Implementation:Huggingface Optimum MetaAwareMethodsPatcher
Overview
A context manager class that monkey-patches nn.Linear and nn.Embedding to force all parameter allocation onto PyTorch's meta device during model construction. Also patches forward methods to handle meta tensor inputs during FX tracing.
Source
| Property | Value |
|---|---|
| File | optimum/fx/parallelization/utils.py
|
| Lines | L214-295 |
| Module | optimum.fx.parallelization.utils
|
Class Definition
class MetaAwareMethodsPatcher:
def __enter__(self):
# Patches nn.Linear and nn.Embedding init and forward
...
def __exit__(self, exc_type, exc_val, exc_tb):
# Unpatches __init__ only (forward patches remain)
...
Import
from optimum.fx.parallelization.utils import MetaAwareMethodsPatcher
Patched Methods
The context manager patches four methods across two PyTorch module classes:
| Original Method | Replacement | Restored on Exit |
|---|---|---|
nn.Linear.__init__ |
Forces device="meta" via meta_init wrapper |
Yes |
nn.Embedding.__init__ |
Forces device="meta" via meta_init wrapper |
Yes |
nn.Linear.forward |
meta_aware_linear_forward (L170-181) | No |
nn.Embedding.forward |
meta_aware_embedding_forward (L184-211) | No |
Note: The forward patches are not restored on exit. This is intentional, as the patched forward methods are needed during subsequent FX tracing to handle meta tensor shape propagation correctly.
Helper Function: meta_init
# Located at optimum/fx/parallelization/utils.py L161-167
def meta_init(init_fn):
"""Wrapper that intercepts __init__ calls and forces device='meta'."""
@functools.wraps(init_fn)
def wrapper(*args, **kwargs):
kwargs["device"] = "meta"
return init_fn(*args, **kwargs)
return wrapper
Patched Forward Methods
meta_aware_linear_forward (L170-181)
Handles nn.Linear.forward when parameters are on the meta device.
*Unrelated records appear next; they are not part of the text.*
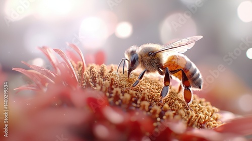 Honeybee collecting pollen on vibrant flower under sunlight.
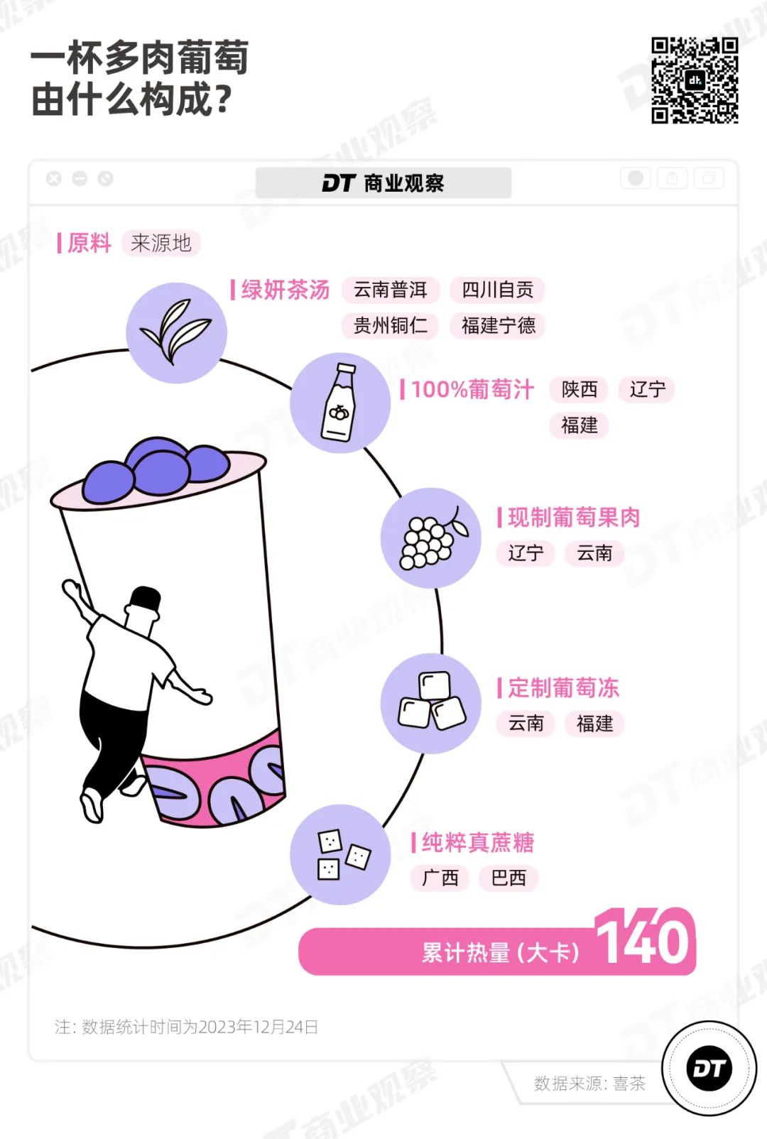 根據(jù)《喜茶2023年度報告》公開數(shù)據(jù),今年喜茶“年度飲品”(最受消費(fèi)者喜愛的飲品)的8款入選飲品中,有一半都是鮮果茶,分別是:多肉葡萄家族、酷黑莓桑、一大桶黃金桃和東坡荔枝飲。
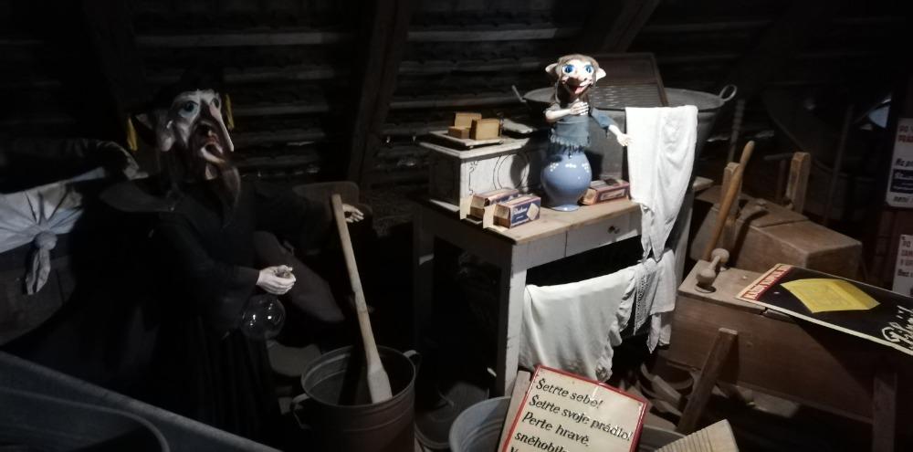 Také jsme spolu s čarodějnicí vystoupili na pohádkovou půdu, kde sídlí čarodějnice různých kategorií a kouzlobabky, pravá starohradská strašidla, strašidýlka a také pěkně vykutálení skřítkové.
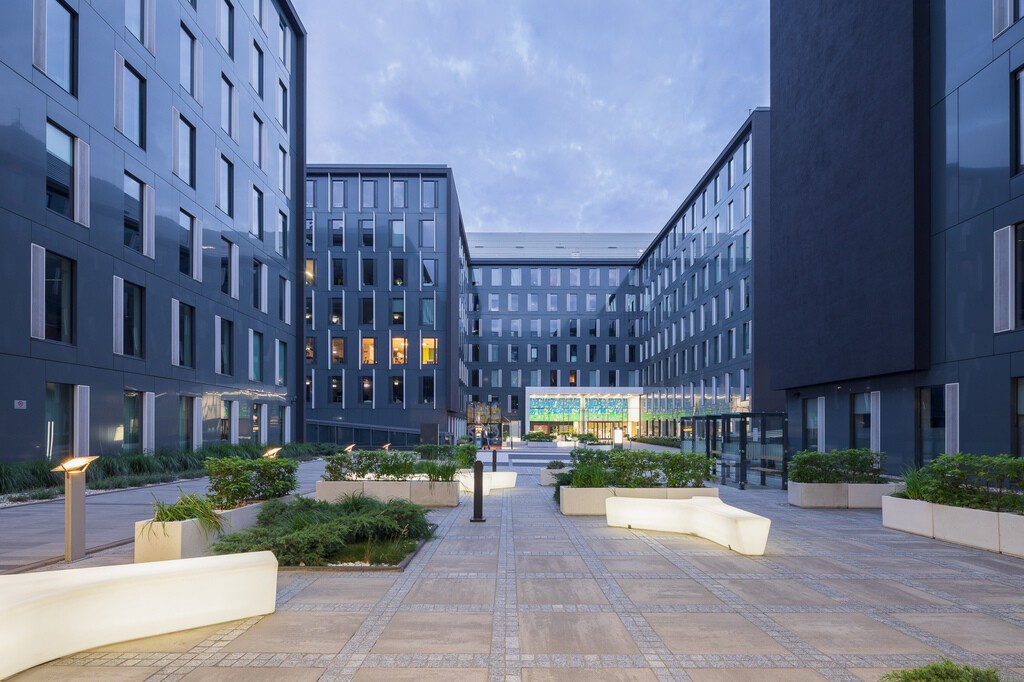 Complex of two 7-storeys buildings offering a total of approximately 37 000 m2 of the modern .The second phase of development of around 18 5000 m2 was delivered in 2011, together with 300 underground parking spaces. The office space in office complex was designed with effective arrangement primarily in mind. The typical floor plate of around 2 700 m2 can be arranged as an open-space plan as well enables a customized interior design. The office space features the highest contemporary standards with suspended ceilings, high class air conditioning, modern building management, openable windows and two independent supplies of electricity all being included in a standard fit-out.
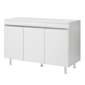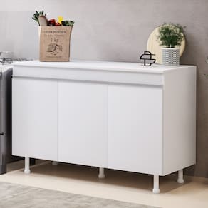 Construído com 100% de MDF, este balcão oferece durabilidade e resistência superiores. Suas três portas, equipadas com dobradiças metálicas de alta qualidade, garantem um acesso fácil e conveniente ao seu conteúdo, enquanto os puxadores em alumínio adicionam um toque moderno e refinado.
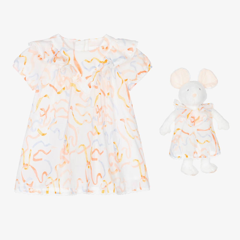 Adorable ivory dress and soft toy gift set for baby girls by luxury French designer, Chloé. Made in soft and lightweight cotton voile and fully lined for comfort, the dress has a pretty ribbon and logo print in pink, blue and yellow. It has a ruffle detail on the front and back, sweet puffed sleeves with elasticated cuffs, and the designer's signature scalloped trim. It comes with a cute plush mouse toy, with sweet embroidered features and wearing a matching dress. The mouse has a branded label on the back and an embroidered logo on one foot, and the dress has an embroidered logo on the back together with '2023' to mark the year of baby's birth.
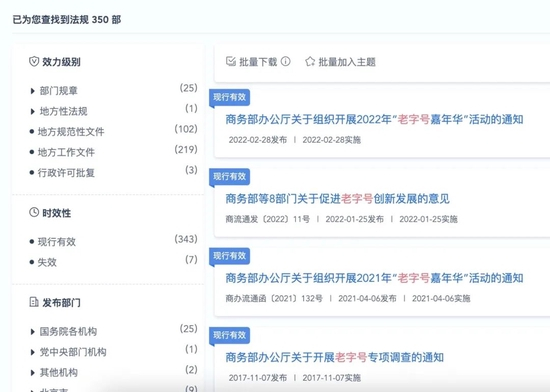 北京时择律师事务所刘云律师提到,从现有材料上看,2005-2022年,国家每年都有开展老字号发展情况的调研。很多省市也专门发了关于认定、开展、保护老字号的活动或通知。现行有效的相关法规达343部。

Instead of performing the actual matrix multiplication, it computes the correct output shape and returns a meta tensor with that shape.
meta_aware_embedding_forward (L184-211)
Handles nn.Embedding.forward when the embedding table is on the meta device. Returns a meta tensor with the correct output shape (input shape + embedding dimension) and appropriate dtype.
Behavior
On Enter (__enter__)
- Save references to the original
__init__andforwardmethods for both nn.Linear and nn.Embedding. - Replace
__init__methods with meta_init-wrapped versions. - Replace
forwardmethods with meta-aware versions.
On Exit (__exit__)
- Restore only the original
__init__methods for both nn.Linear and nn.Embedding. - Leave
forwardpatches in place for FX tracing compatibility.
Example Usage
from transformers import AutoConfig, AutoModelForCausalLM
from optimum.fx.parallelization.utils import MetaAwareMethodsPatcher
config = AutoConfig.from_pretrained("meta-llama/Llama-2-7b-hf")
with MetaAwareMethodsPatcher():
# All nn.Linear and nn.Embedding modules will be on "meta" device
model = AutoModelForCausalLM.from_config(config)
# Verify: all parameters are meta tensors
for name, param in model.named_parameters():
assert param.device.type == "meta"